_DATASET EXTRACT_.
◇ ◇ ◇ ◇

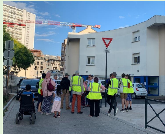
Point d'arrêt rue Lesage

Christine PIGNARRE, SYSTRA , rappelle aux participant.e.s les prochaines dates de la concertation : un atelier le mardi 27 juin et une réunion de restitution après l'été. Elle invite à nouveau les Fontenaysien.ne.s à répondre au questionnaire et se saisir de la carte participative disponibles sur le site internet de la Ville.
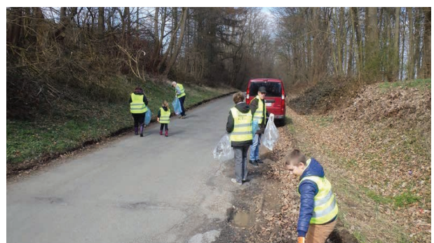
Action BeWapp

◇ ◇ ◇ ◇

_REQUIREMENT_. Reproduce the lines of the listing exactly, starting at the one that contains "Christine PIGNARRE, SYSTRA" and continuing through the final line, but leave out the pictures.

_SOLVED PROBLEM_.
Christine PIGNARRE, SYSTRA , rappelle aux participant.e.s les prochaines dates de la concertation : un atelier le mardi 27 juin et une réunion de restitution après l'été. Elle invite à nouveau les Fontenaysien.ne.s à répondre au questionnaire et se saisir de la carte participative disponibles sur le site internet de la Ville.
Action BeWapp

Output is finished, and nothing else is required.